- **WORK TASK**
Please restate word for word the lines of the entries below from the one with "Gothic Halloween Skull" to the one with "商品名称:1号会员店100%", inclusive, and leave out every picture.

- **RECORDS FOR PROCESSING**
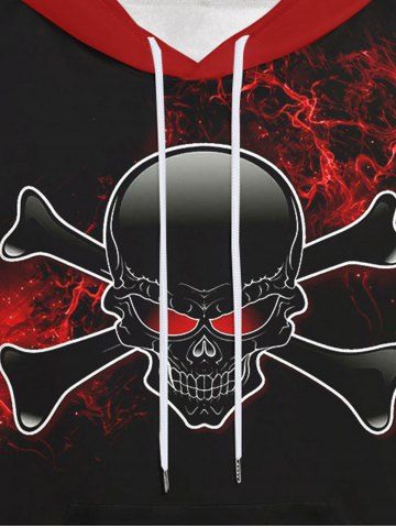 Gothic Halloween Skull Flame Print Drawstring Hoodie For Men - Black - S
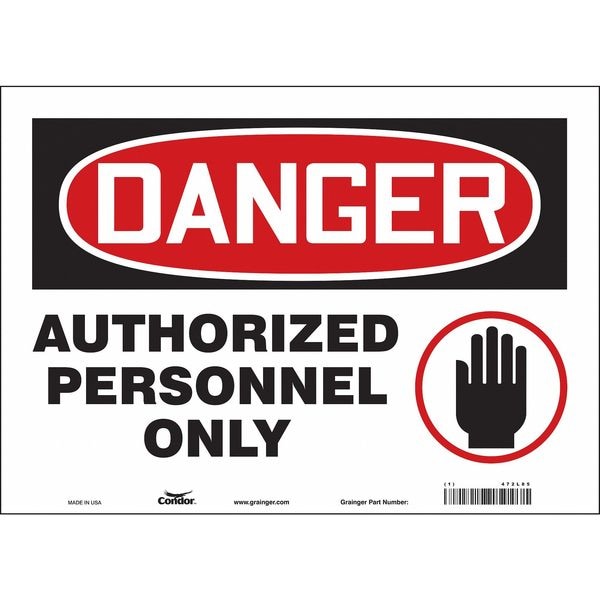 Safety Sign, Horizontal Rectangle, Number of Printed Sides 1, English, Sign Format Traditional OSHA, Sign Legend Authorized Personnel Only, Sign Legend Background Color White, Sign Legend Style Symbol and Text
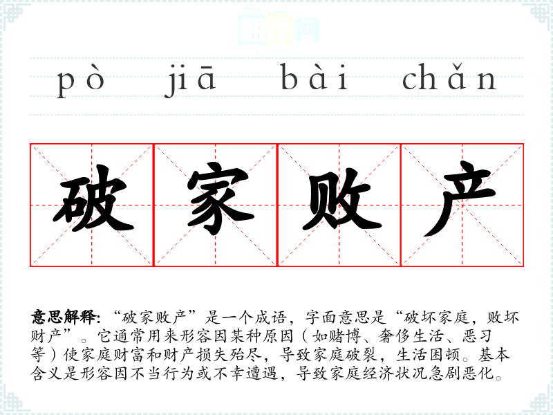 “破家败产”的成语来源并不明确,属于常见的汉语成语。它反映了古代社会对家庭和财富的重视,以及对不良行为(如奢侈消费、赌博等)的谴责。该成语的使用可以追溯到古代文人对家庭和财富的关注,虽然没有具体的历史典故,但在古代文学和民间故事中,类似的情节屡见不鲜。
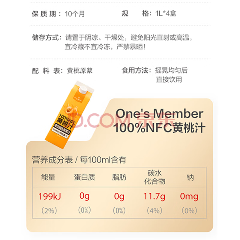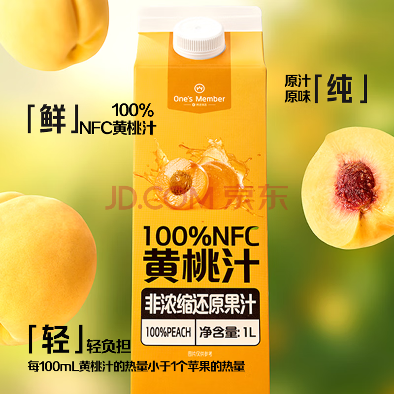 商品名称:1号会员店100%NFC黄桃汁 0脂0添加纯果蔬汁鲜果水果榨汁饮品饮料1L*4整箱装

==

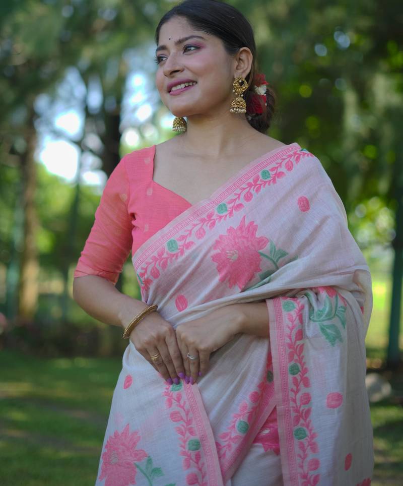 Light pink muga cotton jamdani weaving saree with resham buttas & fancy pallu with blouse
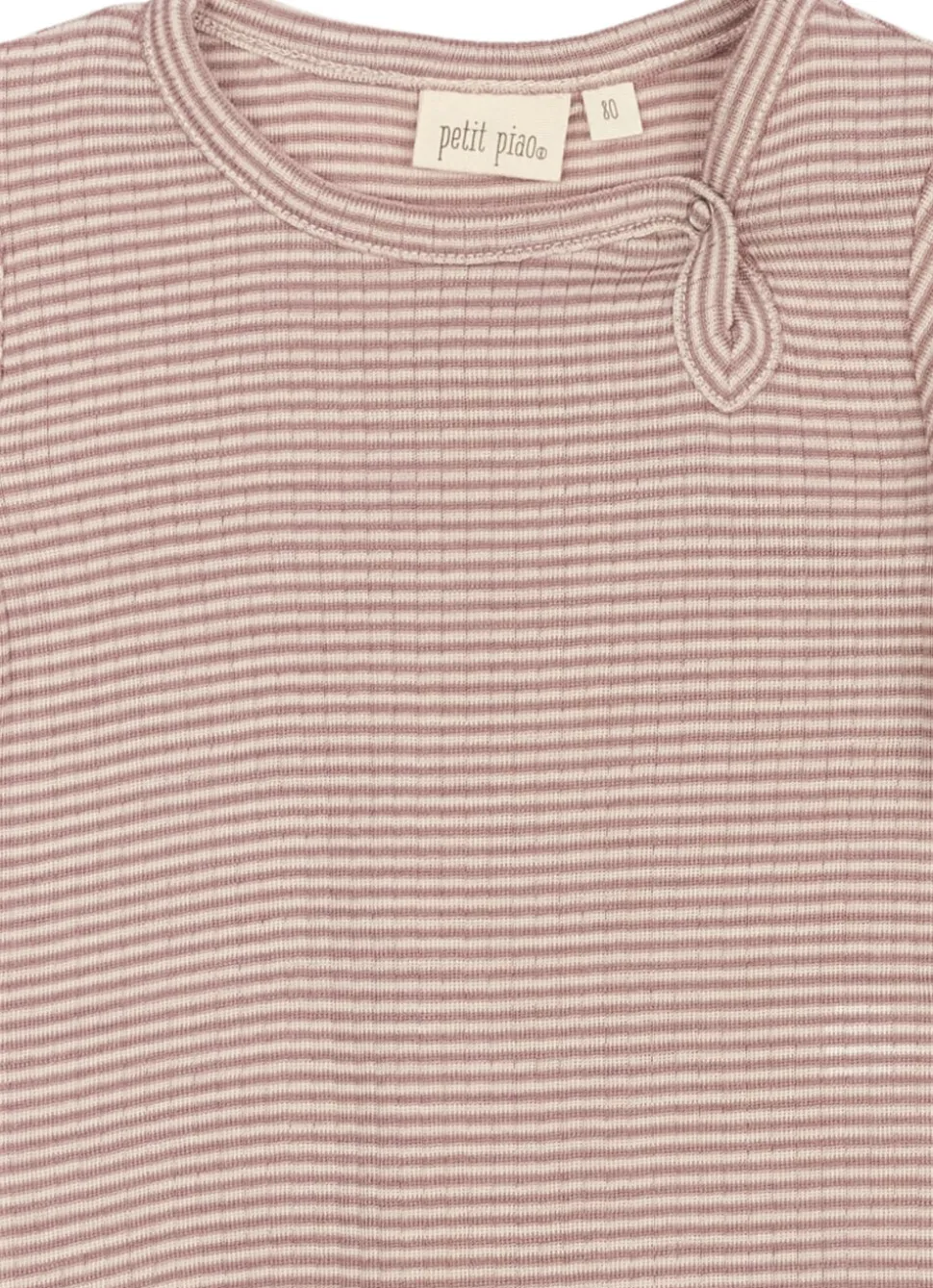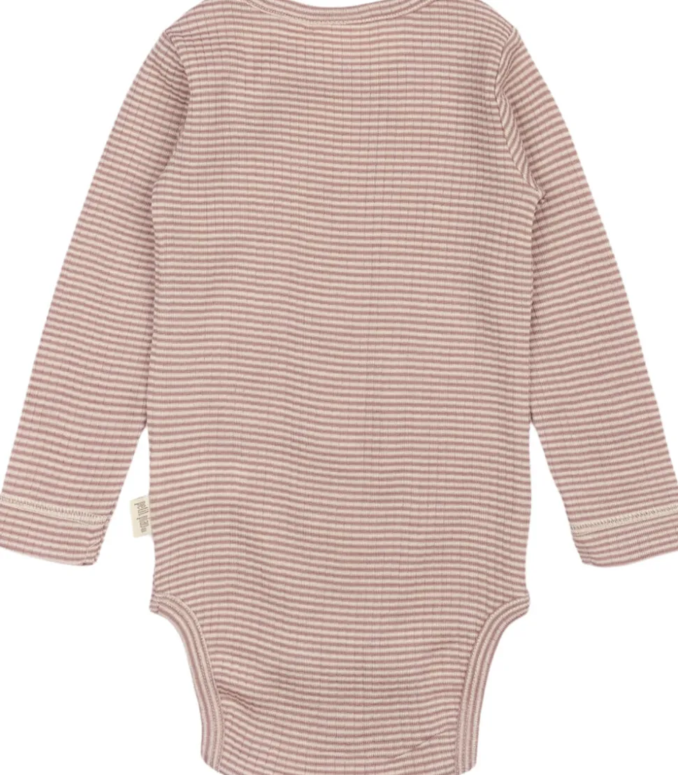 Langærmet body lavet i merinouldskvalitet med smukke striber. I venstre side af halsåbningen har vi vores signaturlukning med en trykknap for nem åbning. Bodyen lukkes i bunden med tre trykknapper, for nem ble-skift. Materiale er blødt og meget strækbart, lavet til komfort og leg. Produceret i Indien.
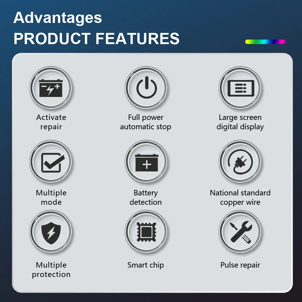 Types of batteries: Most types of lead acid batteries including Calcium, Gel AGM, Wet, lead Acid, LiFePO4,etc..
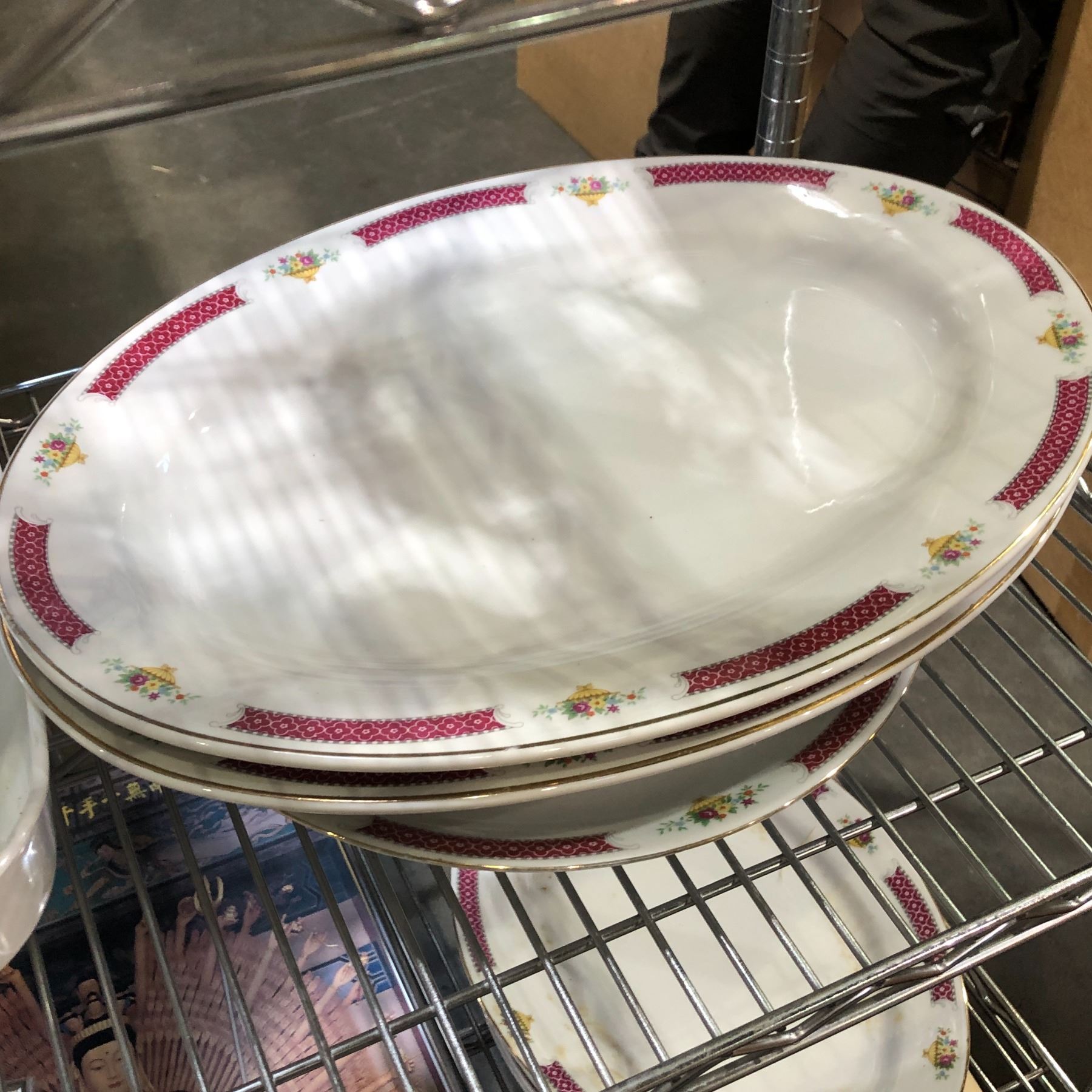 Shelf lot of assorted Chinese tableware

- **SOLUTION FOR THIS TASK**
 Gothic Halloween Skull Flame Print Drawstring Hoodie For Men - Black - S
 Safety Sign, Horizontal Rectangle, Number of Printed Sides 1, English, Sign Format Traditional OSHA, Sign Legend Authorized Personnel Only, Sign Legend Background Color White, Sign Legend Style Symbol and Text
 “破家败产”的成语来源并不明确,属于常见的汉语成语。它反映了古代社会对家庭和财富的重视,以及对不良行为(如奢侈消费、赌博等)的谴责。该成语的使用可以追溯到古代文人对家庭和财富的关注,虽然没有具体的历史典故,但在古代文学和民间故事中,类似的情节屡见不鲜。
 商品名称:1号会员店100%NFC黄桃汁 0脂0添加纯果蔬汁鲜果水果榨汁饮品饮料1L*4整箱装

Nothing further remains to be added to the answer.